From my Bedian correspondents I now learn that there was certainly a putsch in early 2011, led by Daniel Kearney and his acolyte, Mrs Sandra Pyke.  Kearney, he of the old school, appeared upset that he had been overlooked two years previously and seemingly disenchanted with Mr Barber’s laissez faire type of discipline which was too mature for Kearney’s kick ‘em and flog ‘em attitude and he, Kearney, got into the fickle minds of the governing body.  Barber, a much more astute man than any around him, did not like this politicking behind his back and decided to make his own plans.  He first of all parleyed with his friend, the Headmaster of St Edmund’s, Christopher Long, who informed him of his long term plans and then Mr Barber approached the Board of St Bede’s with an ultimatum.  Deal with this putsch in a proper manner or he was off.
The Board prevaricated, Barber was decisive, he was off.  The board allowed him to go but offered him a year’s salary on the understanding he would not speak of this tawdry business.  Barber refused the money and left.  Monsignor Allen said in his note to parents that he had been assured of the complete support of the Senior Management Team to this course of action.  However this is not the case, Mr Kearney has only lip-service, the majority of staff are very dismayed.  Do not be surprised if in the coming months there is some afters to this debacle.
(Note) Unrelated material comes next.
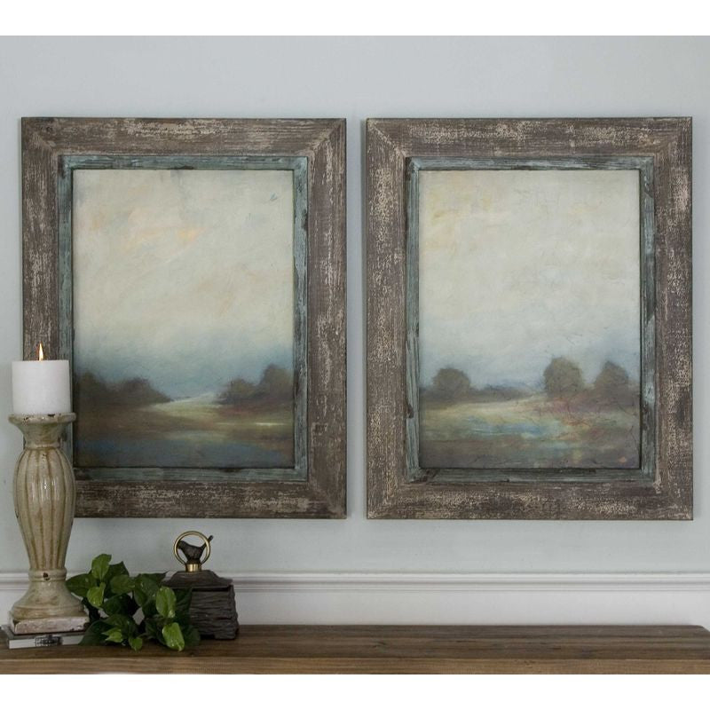 Oil reproductions have a hand applied brushstroke finish. Heavily textured, salvaged wood frames with a medium woodtone base rubbed thru to reveal underlying colors of off-white and taupe with a gray glaze. Inner lip is heavily distressed, medium brown with muted aqua accents and a heavy gray wash.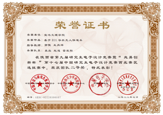 近日,陕西省第九届研究生电子设计竞赛暨“兆易创新”杯第十七届中国研究生电子设计竞赛西北赛区选拔赛在西安邮电大学长安校区举行。大赛由陕西省教育厅、陕西省学位委员会、中国电子学会联合主办,西安邮电大学承办,共32所高校、921支队伍参加竞赛。本届赛事采用了线上评审方式进行。bat365由机械工程学院研究生袁磊、赵通、雷辰阳共同设计的“基于ROS导航无人快递车”(指导教师:郭便、王肖烨),获得西北赛区二等奖。

Funnily enough as Mr Barber was settling in to his cushy couple of months before the end of the academic year at St Edmund’s, Mr Long, the Headmaster, called his staff to a meeting and announced his retirement, giving a two term notice to the school and hinting that promotion from within would be favourable.  Mr Long leaves St Edmund’s at Easter 2012.  Do not be surprised at Mr Barber’s star beginning to twinkle again.
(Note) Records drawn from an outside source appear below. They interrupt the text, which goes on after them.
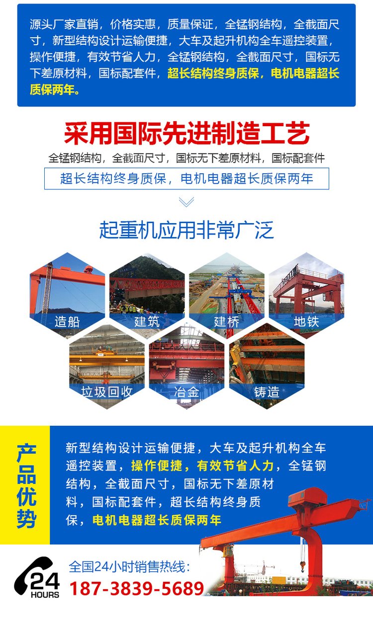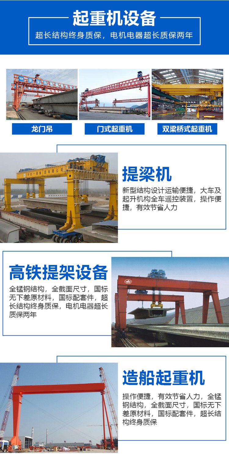 18738395689架橋機主要由主梁、懸臂梁、下導(dǎo)梁、前后支腿、輔支腿、吊梁行車、懸臂吊及電液系統(tǒng)組成。適用于三種不同跨徑單跨簡支梁的架設(shè),作業(yè)效率高。本類型架橋機能夠架設(shè)直線、曲線、縱坡的等跨及變跨雙線預(yù)應(yīng)力混凝土整孔箱梁。該 架橋機除了能夠進行標(biāo)準(zhǔn)架設(shè)作業(yè)外,還能滿足首末跨架設(shè)、曲線架設(shè)、變跨架設(shè)、跨連續(xù)梁、結(jié)合梁、連續(xù)鋼構(gòu)等。既有橋梁架設(shè)、簡支變跨連續(xù)架設(shè)等工況施工。具有簡支架設(shè)、定點起吊、梁體吊裝穩(wěn)定性好、作業(yè)效率高、安全可靠、變跨調(diào)整方便、操作方便等特點。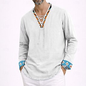 Férfi Ing Vászon ing Viking stílus Popover ing Nyári póló Stranding Tömör szín Vakáció Szabadság Medence Fekete Fehér Hosszú ujj V-alakú Nyár Tavasz Ruházat Zsinór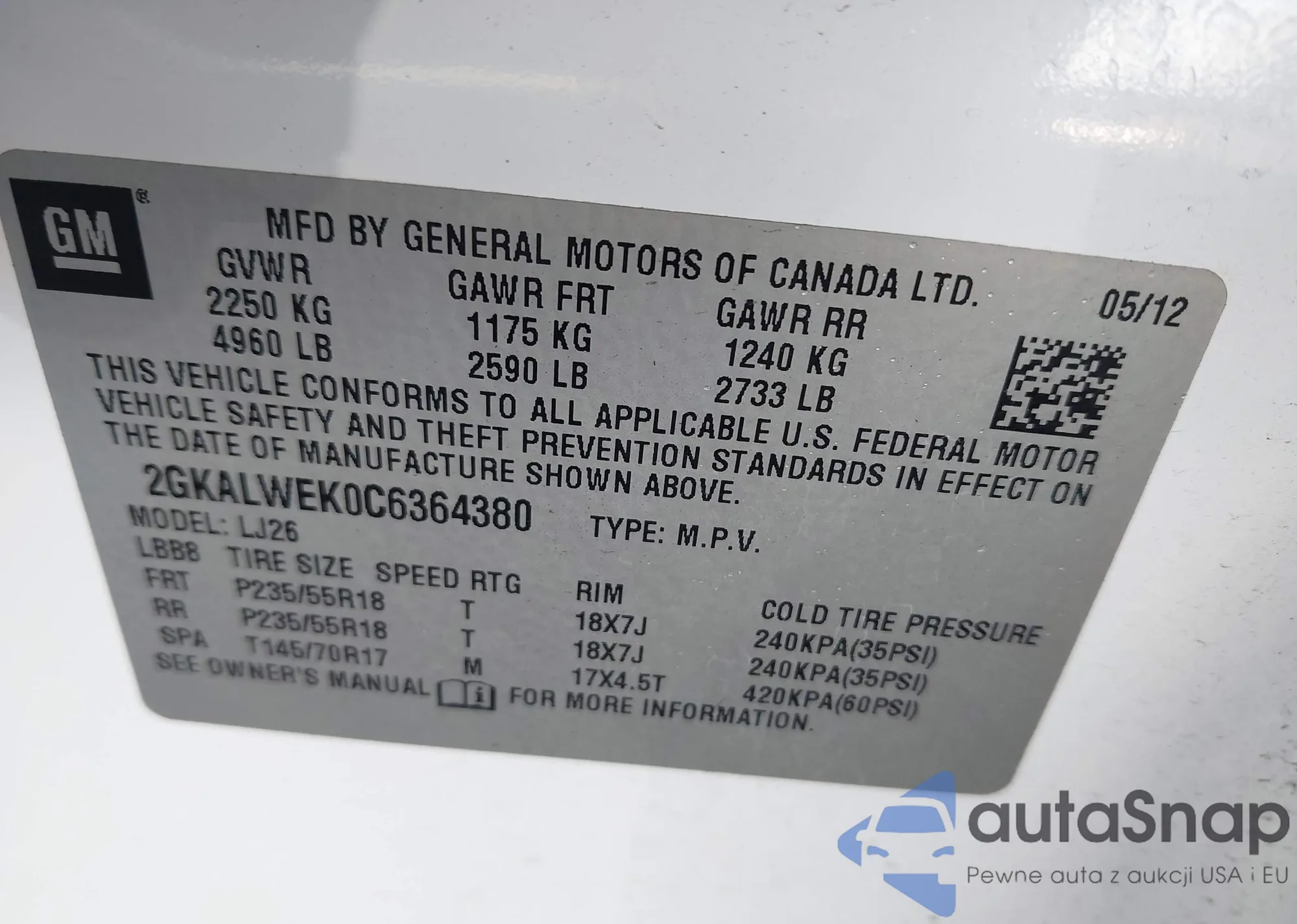 • VIN 2GKALWEK0C6364380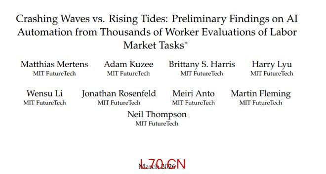 2026年3月,麻省理工学院FutureTech团队发布工作论文《巨浪还是潮汐:来自数千名工人对劳动力市场任务评估的AI自动化初步发现》(论文编号:arXiv:2604.01363v1),作者包括Matthias Mertens、Neil Thompson等人,研究资金来自Open Philanthropy及一家科技公司。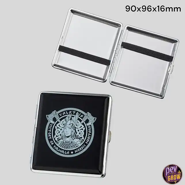 Mit einem Design, das eine Walküre zeigt, ist dieses Zigarettenetui perfekt für diejenigen, die die Stärke und Mystik dieser mythologischen Figuren schätzen. Die Walküre ist von keltischen und skandinavischen Motiven umgeben, die ihren mythischen Aspekt betonen.

All this is neat and dandy but it still leaves the question of why the St Bede’s Board acted in such a clumsy and palpably indecent way to such an able man as Barber, but this is another conundrum for the reader which will no doubt be solved by the passage of time.
Finally keep in your thoughts five year old Mari Connolly from our little town of Boyle, whose bright shining star was quickly extinguished through no fault of her own in the early morning of October 3rd 2011 when some mindless idiot poured a quantity of accelerant through her letter box followed by a flame.  The house went up like a volcano, her father was badly injured saving her siblings, while her mother lay in Sligo Hospital having just given birth to twins.  Poor little Mari did not stand a chance, she died in the flames.I hope the feral mind of the perpetrator is damaged for ever and if you have a god please ask him why?